В общем, все представляют, как тщательно исследуются такие трупы. Вот и я, простите за сравнение, буквально языком вылизал каждый сантиметр тела. И описание исследования трупа я сделал почти на десяти листах. В итоге проделанной работой и собой остался очень доволен! До поры до времени! Да, забыл сказать, что это дело почти сразу же передали в областную транспортную прокуратуру. И вот через несколько дней уголовный розыск задерживает предполагаемого убийцу. На допросе тот особо и не запирается, дает полный расклад: чем, куда, сколько раз бил и как потом несколько дней, уже мертвую, насиловал. И все бы хорошо, как говорится, «ура-ура, победа за нами!», но появилось одно маленькое, но крайне неприятное «но». В своих показаниях задержанный поясняет, как он увидел одиноко стоящую в ожидании электрички женщину, как, подойдя сзади, ударил ее ножом в спину, как потом, уже лежавшую, ударил металлическим «костылем» по голове и как наносил ей множественные удары ножом в грудь. Следователь, записав эти показания, естественно, открывает описательную часть моей экспертизы и читает раздел «Повреждения». Там он находит описание двух с половиной десятков ран на грудной клетке спереди, раны в лобной области и вдавленного перелома лобной кости. А вот упоминаний о ране на спине он не находит! Нет ее!

Вот с этим-то он ко мне на следующий день и заявляется. Мол, как же так, доктор, может, вы забыли ее описать? Была там рана или нет? А что я мог ответить? Не было ее там! Вернее, я рану на спине не находил! Потому и не описал, в чем честно и признался.

– И что? – спросил Осипов. – Эксгумация?

– Да, вынесли постановление о проведении эксгумации, которую через пару дней и провели… И эксперт, что эксгумировал труп, эту рану на спине нашел! Была она там, где убийца и показал на допросе.

Любой эксперт эксгумацию вскрытого им трупа переносит тяжело, ибо эксгумация – это почти всегда означает, что работа экспертом проведена некачественно, что он в чем-то ошибся, что он недоглядел! Переживал я ужасно. И даже не из-за того, что не нашел конкретную рану, а из-за того, что вскрывал этот труп очень тщательно, на совесть, все сам смотрел. И все-таки – не нашел! А что же тогда можно думать о других трупах – там, где вскрытие проводилось не столь тщательно, где ответственность не столь велика? Что там можно напропускать? Вы понимаете, о чем я?

– Да-а-а, еще бы! И чем все это закончилось? – спросил кто-то.

– Чем? А на следующий день мне позвонил начальник Бюро и сказал, чтобы я прислал ему письмом объяснительную записку. Ну, я ночь продумал, написал требуемое и заодно – заявление об увольнении. И сам все это повез начальству. Сначала отдал ему объяснительную, а затем и заявление.

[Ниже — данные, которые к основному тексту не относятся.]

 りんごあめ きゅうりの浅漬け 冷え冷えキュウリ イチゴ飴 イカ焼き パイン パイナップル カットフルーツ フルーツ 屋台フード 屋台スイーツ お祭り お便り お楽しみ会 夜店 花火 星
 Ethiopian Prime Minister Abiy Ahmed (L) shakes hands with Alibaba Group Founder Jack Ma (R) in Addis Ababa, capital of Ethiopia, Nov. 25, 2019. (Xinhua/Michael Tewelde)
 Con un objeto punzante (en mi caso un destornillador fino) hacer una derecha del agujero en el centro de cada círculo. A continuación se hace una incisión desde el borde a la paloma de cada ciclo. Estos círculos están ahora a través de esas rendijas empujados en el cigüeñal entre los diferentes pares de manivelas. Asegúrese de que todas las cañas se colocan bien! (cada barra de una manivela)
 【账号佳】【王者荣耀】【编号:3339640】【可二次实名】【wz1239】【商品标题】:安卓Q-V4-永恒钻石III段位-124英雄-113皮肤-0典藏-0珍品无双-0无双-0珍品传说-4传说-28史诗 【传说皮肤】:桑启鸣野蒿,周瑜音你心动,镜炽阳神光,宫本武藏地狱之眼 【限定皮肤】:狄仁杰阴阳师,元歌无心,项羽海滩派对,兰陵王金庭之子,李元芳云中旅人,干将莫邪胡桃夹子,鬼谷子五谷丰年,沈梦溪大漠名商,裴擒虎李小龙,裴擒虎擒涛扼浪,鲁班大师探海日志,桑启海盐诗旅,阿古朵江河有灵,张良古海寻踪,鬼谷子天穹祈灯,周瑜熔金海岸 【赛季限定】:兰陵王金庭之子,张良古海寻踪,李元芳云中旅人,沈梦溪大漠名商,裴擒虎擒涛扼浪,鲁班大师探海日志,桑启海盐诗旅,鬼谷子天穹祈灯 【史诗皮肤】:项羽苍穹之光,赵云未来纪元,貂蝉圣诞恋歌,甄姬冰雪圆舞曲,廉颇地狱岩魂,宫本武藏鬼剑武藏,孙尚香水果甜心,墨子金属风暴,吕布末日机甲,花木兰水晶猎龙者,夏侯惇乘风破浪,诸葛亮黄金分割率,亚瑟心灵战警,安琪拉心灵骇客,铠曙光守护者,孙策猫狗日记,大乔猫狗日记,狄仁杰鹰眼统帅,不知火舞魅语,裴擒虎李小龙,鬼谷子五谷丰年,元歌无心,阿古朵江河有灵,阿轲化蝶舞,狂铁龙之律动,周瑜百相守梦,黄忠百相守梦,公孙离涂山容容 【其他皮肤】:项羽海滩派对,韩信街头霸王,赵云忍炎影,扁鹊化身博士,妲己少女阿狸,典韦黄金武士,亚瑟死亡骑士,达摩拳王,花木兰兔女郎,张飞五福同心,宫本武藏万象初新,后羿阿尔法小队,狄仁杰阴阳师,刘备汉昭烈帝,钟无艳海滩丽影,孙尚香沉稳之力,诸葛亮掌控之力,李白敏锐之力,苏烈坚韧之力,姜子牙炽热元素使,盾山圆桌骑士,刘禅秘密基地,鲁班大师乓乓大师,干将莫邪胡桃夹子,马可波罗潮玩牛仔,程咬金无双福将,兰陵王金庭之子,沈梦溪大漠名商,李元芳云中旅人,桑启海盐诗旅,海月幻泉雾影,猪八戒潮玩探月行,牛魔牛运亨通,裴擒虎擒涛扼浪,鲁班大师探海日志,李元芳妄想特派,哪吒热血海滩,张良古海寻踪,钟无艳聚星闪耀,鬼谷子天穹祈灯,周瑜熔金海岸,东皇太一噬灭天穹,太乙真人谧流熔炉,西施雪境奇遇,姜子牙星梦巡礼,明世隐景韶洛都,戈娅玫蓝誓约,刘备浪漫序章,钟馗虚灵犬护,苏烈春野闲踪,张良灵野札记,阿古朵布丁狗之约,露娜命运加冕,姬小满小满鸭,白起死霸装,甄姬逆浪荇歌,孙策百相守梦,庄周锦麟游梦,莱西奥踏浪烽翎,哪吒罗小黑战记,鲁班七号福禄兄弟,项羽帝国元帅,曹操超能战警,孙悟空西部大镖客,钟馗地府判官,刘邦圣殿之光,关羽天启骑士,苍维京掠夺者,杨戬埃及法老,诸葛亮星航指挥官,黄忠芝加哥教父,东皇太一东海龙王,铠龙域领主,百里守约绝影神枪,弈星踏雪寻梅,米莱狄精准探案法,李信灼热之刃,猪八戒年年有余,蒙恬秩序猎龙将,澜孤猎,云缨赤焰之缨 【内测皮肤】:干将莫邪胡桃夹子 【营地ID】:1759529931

Начальник прочитал, хмыкнул, остро глянул на меня и с задумчивым видом прошелся по своему большому кабинету.

– И что? Уже нашли, куда пойдете работать?

– Нет, не думал еще…

Начальник снова неторопливо зашагал по кабинету, потом улыбнулся и, подойдя к холодильнику, достал бутылку коньяку и две здоровенные пузатые рюмки. Плеснул в одну на донышке, в другую – до краев и задумчиво сказал:

– Знаете, Михаил, это хорошо, что вы так переживаете. Это уже наполовину вас оправдывает! Я вам сейчас скажу сакраментальную фразу: не ошибается тот, кто ничего не делает! Да, вы ошиблись. Но вы осознали, вы переживаете. Посему выпейте это залпом, потом забирайте заявление и быстренько на работу: ее у вас там немало, – и протянул мне полную рюмку.

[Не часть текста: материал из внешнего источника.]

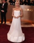Dakota Fanning wore Vivienne Westwood, and this is a pretty classic Westwood design/silhouette. The dress itself is lovely but I think this muted color does Dakota no favors. I think both Fanning sisters feel like their coloring is so fair, they need to stick with lighter colors, but I wish they would go bolder. It looks like Dakota is wearing a sparkly flesh dress.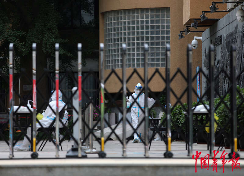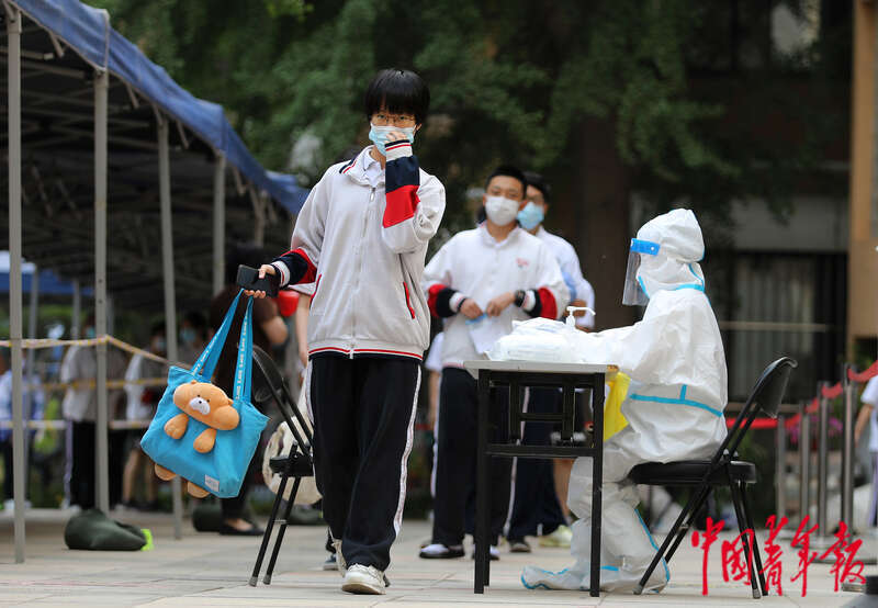 6月8日,北京市朝陽區陳經綸中學高考考點,一位考生做完做核酸檢測后準備離開。中青報 中青網記者 陳劍/攝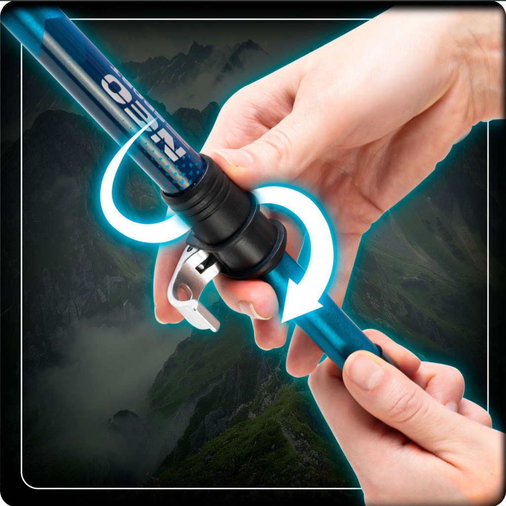 Forgasd minden lépésedet élménnyé az NS-382 Neo-Sport túrabot párral! A könnyű, mégis masszív alumínium test fémes kék színben ragyog, míg a parafa-EVA markolat természetes tapintást és magabiztos fogást kínál. A háromrészes teleszkópos kialakításnak köszönhetően gyorsan a testmagasságodhoz és a terephez igazíthatod, utána pedig stabil zár tartja a helyén. Cserélhető végek és különböző méretű tányérok gondoskodnak róla, hogy aszfalton, erdei ösvényen vagy havas lejtőn is biztos támaszod legyen.

Я нерешительно посмотрел на начальника, на рюмку и… хватанул ее содержимое, как он и велел.

– А потом, этой ошибкой, Михаил, вы оказали следствию большую помощь! Предоставили убойное доказательство вины задержанного, хоть и непроизвольно, так?

Я ошарашенно воззрился на начальника:

– Я?.. Ошибкой?.. Помощь?

– Да, помощь, и существенную… Подумайте над этим. Додумаетесь, в чем она заключалась, – сообщите по телефону, а теперь – за работу. – И неторопливо выпил то, что плескалось в его рюмке…

Сильнее смерти

Некоторое время все молчали, размышляя над последними словами Михаила, да и просто «переваривая» его рассказ. Затем Юра Осипов, так же молча, вроде как про себя, кивнул головой и задумчиво спросил:

– Значит, рассказываем самое запомнившееся, то, что «оставило неизгладимый след в душе»?

– Да нет, просто то, что сильнее всего… А вообще-то да, ты прав! Именно то, что оставило глубокий след. Хочешь донести до нас частичку своей души? – спросил Михаил.

– Ага! Только я рассказывать не мастак, – чуть заикаясь, сказал Юрка, – так что заранее прошу прощенья, если коряво получится…

– Ладно, переживем как-нибудь, рассказывай…

– Я вообще-то хочу рассказать не совсем о судебной медицине… Нет, конечно, и о ней, но больше о психологии и судьбе – так, наверное, будет правильно.

– Как же, как же, – снова встрял Сергей. – Психология у судебных медиков на первом месте. Ведь надо же установить психологический контакт с трупом, как же без этого? Ну типа: А позвольте, мы вас разденем… а вы не против, если я вот тот синячок сфоткаю… а если я разрезик вам срединный от сих и до сих сделаю?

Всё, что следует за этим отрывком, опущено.